French linguist and French resistance fighter (1908–1942)

Boris Vildé (25 June Old Style/8 July 1908 – 23 February 1942) was a linguist and ethnographer at the Musée de l'Homme, in Paris, France. He specialised in polar civilizations.

== Biography ==
He was born in St. Petersburg into a family of Eastern Orthodox Russians. When his father died, his mother moved with him to her family estate in Yastrebino. Because of the Russian Revolution, the family then moved to Tartu, Estonia in 1919. He studied first at the high school and then at the University of Tartu, where he did not complete his courses but learned the German language and some notions of chemistry. He also acquired a taste for literature and poetry and moved to Germany in 1930 hoping for a literary career there. In 1933, as a militant against Nazism, he felt unsafe in Germany and moved to France.

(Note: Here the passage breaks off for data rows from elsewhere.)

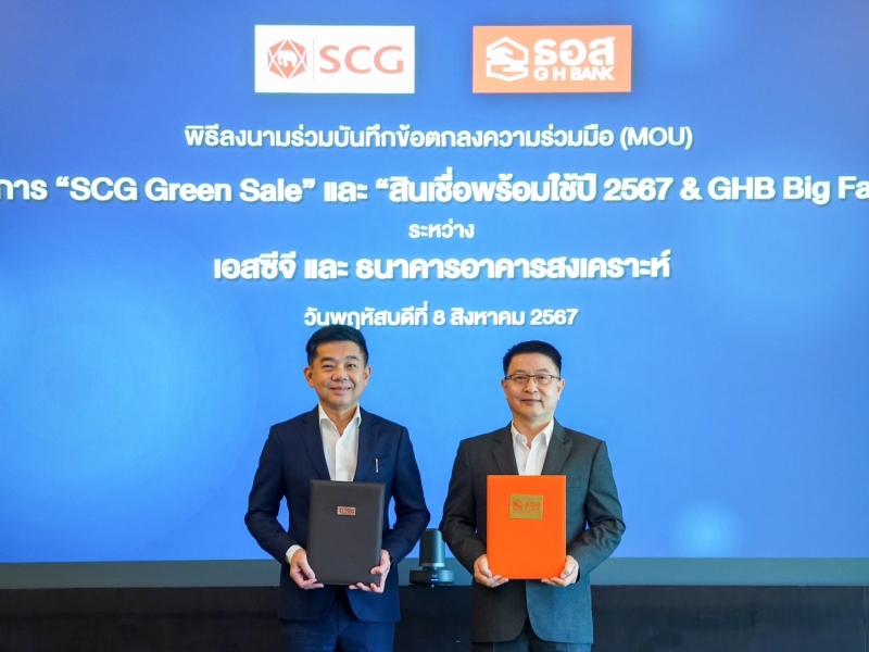 วันนี้ (8 สิงหาคม 2567) ธนาคารอาคารสงเคราะห์ (ธอส.) และ เอสซีจี ร่วมลงนามบันทึกข้อตกลงความร่วมมือการส่งเสริมผลิตภัณฑ์ และบริการของ ธอส. และ เอสซีจี ภายใต้โครงการสินเชื่อพร้อมใช้ ปี 2567 และโครงการ GHB Big Family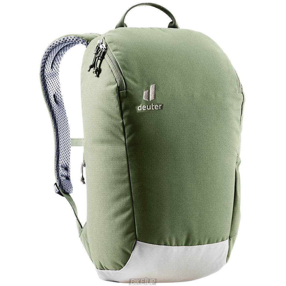 Featuring perforated, ergonomically formed shoulder straps and with the reduced contact surface of deuter’s Airstripes back system, the Stepout’s stand-out qualities are ventilation and carry comfort. A big U-shaped zipper opening at the top, cell phone pocket at the side against the back and stretch side pockets allow speedy access to important items. Inside there is a document pouch and laptop sleeve for more organized packing. The PFC-free fabric of this Green Button-certified bluesign® product is made from 100% recycled PET bottles (20 x 0.5-liter bottles) and according to bluesign® standards.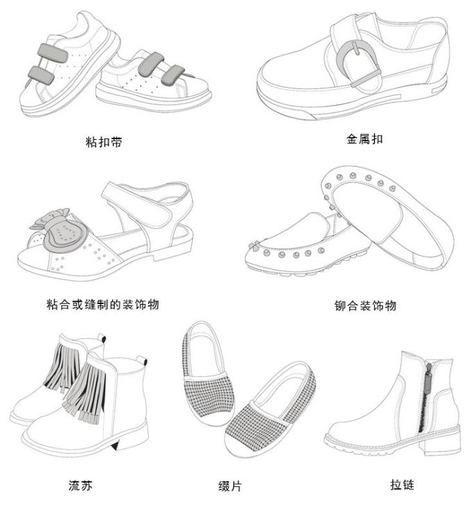 国标要求婴幼儿鞋上的小附件抗拉强力应≥70N,对于可拆卸或抗拉强力<70N的附件,不应能完全放入小零件测试器。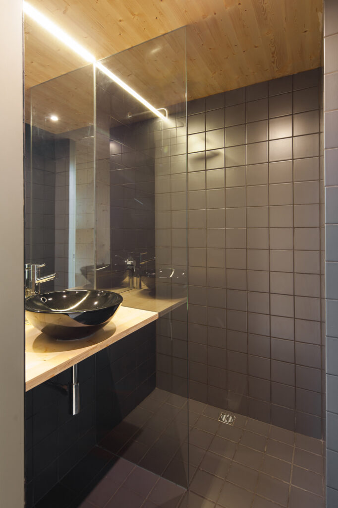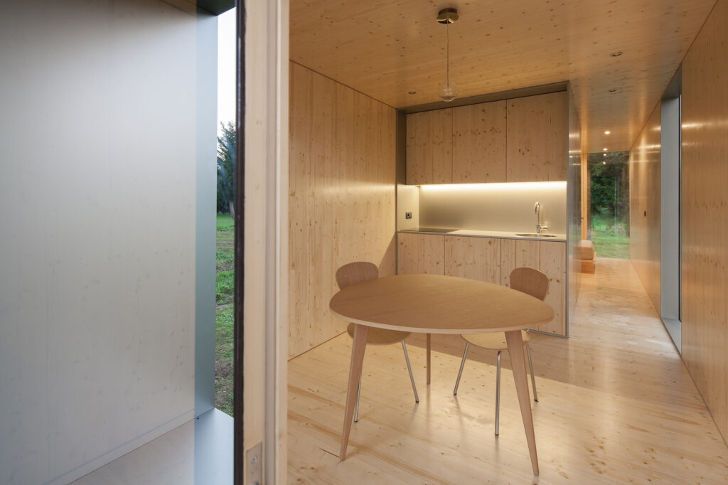 The home features plenty of glazing, which lets in ample amounts of natural daylight and makes it appear more spacious as a result. Aluminum was used for exterior cladding, and there is a laminated glazed area in the middle of the rectangular home. The walls are made up of CLT panels, insulation, and a layer of lacquered wood, which adds that extra bit of coziness to the home.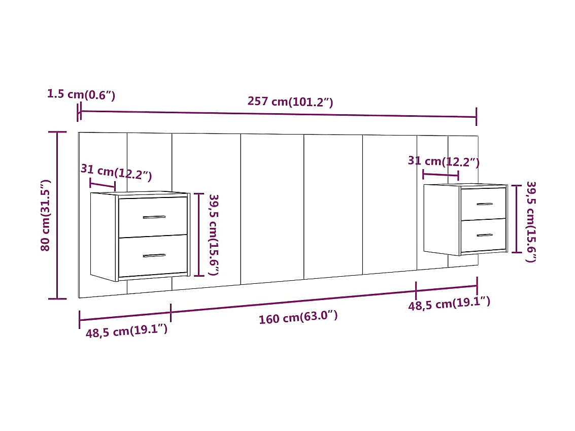 Cabecero con armarios Roble Sonoma Madera contrachapada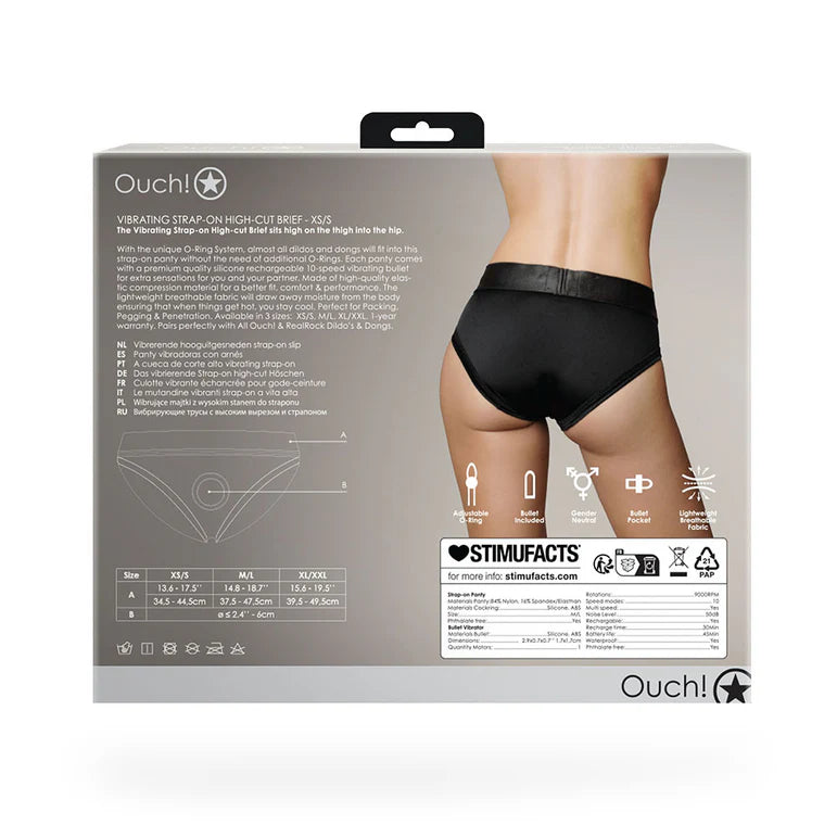 The Ouch! Vibrating Strap-on High-cut Brief Black XS/S is designed to deliver a sleek, flattering fit with reliable performance and comfort. Featuring a high-cut style that sits above the thigh and along the hip, this design offers a modern silhouette while maintaining support and stability.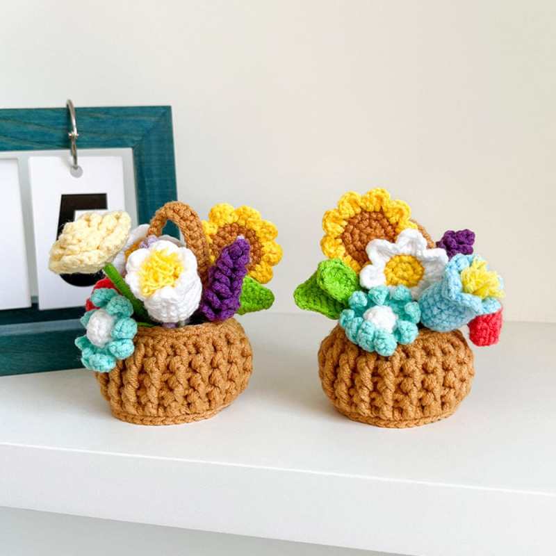 The completed crochet potted flowers are 100% knitted by hand instead machine. Professional craftsmen carefully weave and create, which has great storage value. The crochet flower kit material is realistic in shape, does not wither or fall, and is straight and durable, the flower that never fades represents the eternal blessing. Placing them in your car or at home can bring you in a good mood.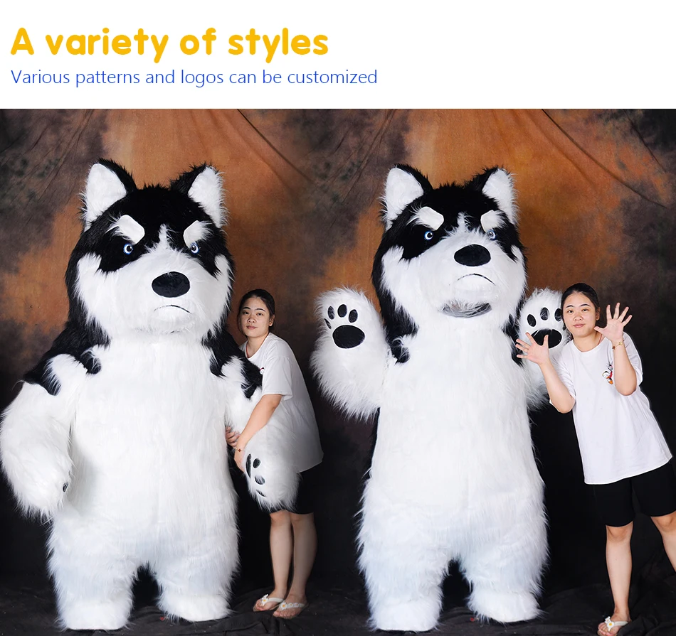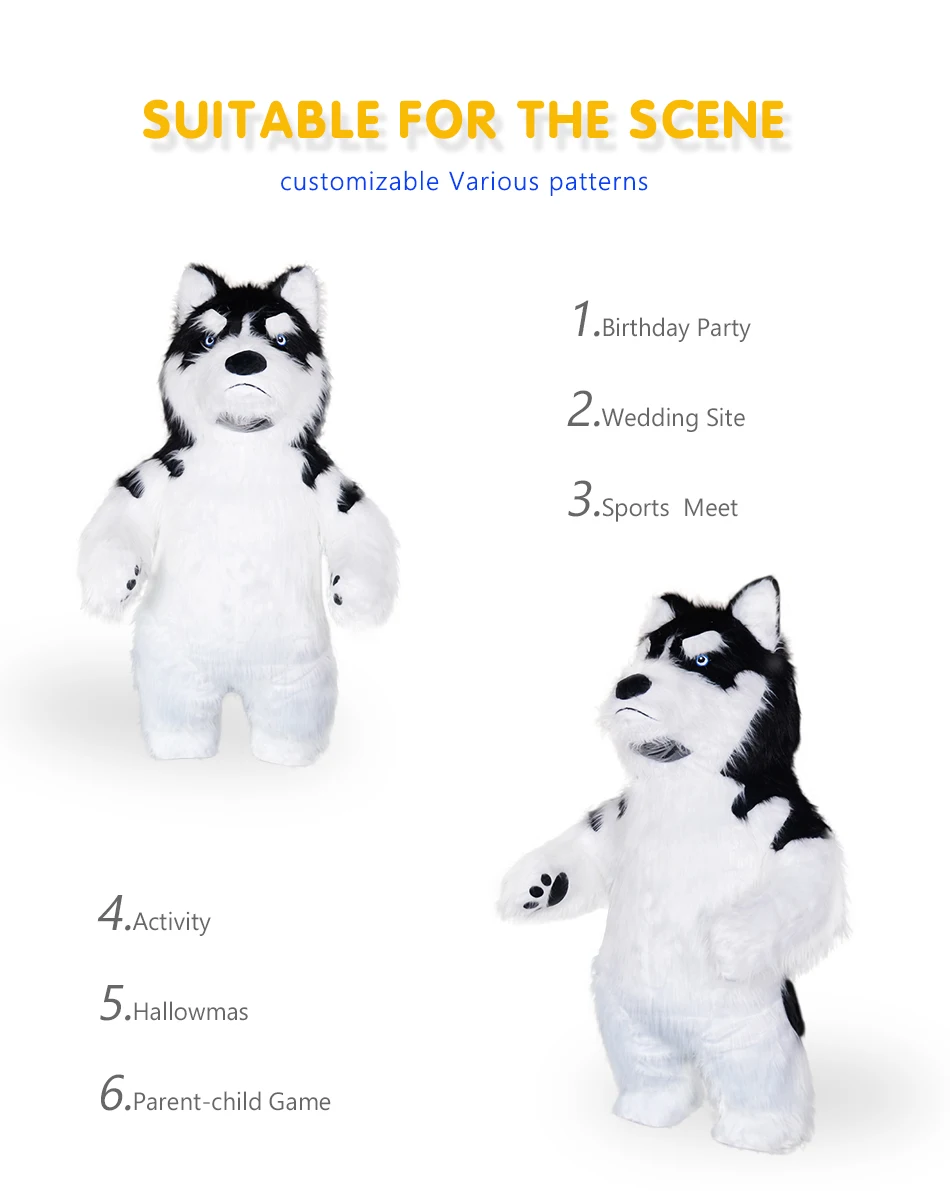 Хаски надувной костюм талисмана собаки Косплей смешной удар костюм вечерние пушистый костюм животных Хэллоуин костюм для взрослых 2 м высокий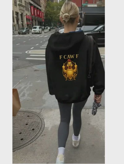 Make a bold, playful statement with the F CAW F Hoodie — where attitude meets effortless style. This chic black T-shirt features a striking golden rooster crest and the tongue-in-cheek “F CAW F” slogan, perfect for those who walk with confidence and a wink of humor. Crafted from soft, breathable cotton with a modern fit, it’s your go-to piece for casual days, streetwear looks, or layering under a blazer for a fun fashion twist.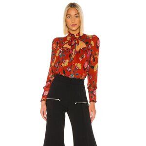 Vibrant red blouse with floral print. Features a tie-neck design. Long sleeves with ruffle details.

He met Paul Rivet who gave him a job at the Musée de l’Homme and encouraged him to continue his studies at the Sorbonne University, where he obtained a B.A. in German philology in 1937 and two M.A. degrees, in Ethnology in 1938 and Japanese language in 1939. Encouraged by Rivet, he studied the ethnology of the populations of Estonia and Finland during two missions to these countries in 1937 and 1938. When reporting about these missions in French scholarly journals, he took the opportunity to denounce the racism of the Nazis as non-scientific. He was preparing a third mission to Denmark and Norway when World War II started.

Vildé was active in the French Resistance during World War II. In July 1940, Vildé together with Paul Rivet created one of the first resistance groups. During the Resistance he led the scientists and lawyers of the Groupe du musée de l'Homme in producing an anti-Nazi and anti-Vichy newspaper, called Résistance. He had married in 1934 Irène Lot (the daughter of historian Ferdinand Lot and Myrrha Borodina) and had become a French citizen in 1936.

The group, one of the first Résistance units, was infiltrated by a Vichy supporter and, as a result, most of them were arrested, tried and the men among them sentenced to death. Vildé was killed by firing squad, together with Léon-Maurice Nordmann, Georges Ithier, Jules Andrieu, René Sénéchal, Pierre Walter and Anatole Lewitsky, on 23 February 1942 at Fort Mont-Valérien. They are buried in the cemetery at Ivry-sur-Seine.

Boris Vildé last words before being executed by the Nazis were:
 “I love France. I love this beautiful country. Yes, I know it can be small-minded, selfish, politically rotten and a victim of its old glory, but with all these faults it remains enormously human and will not sacrifice its stature.”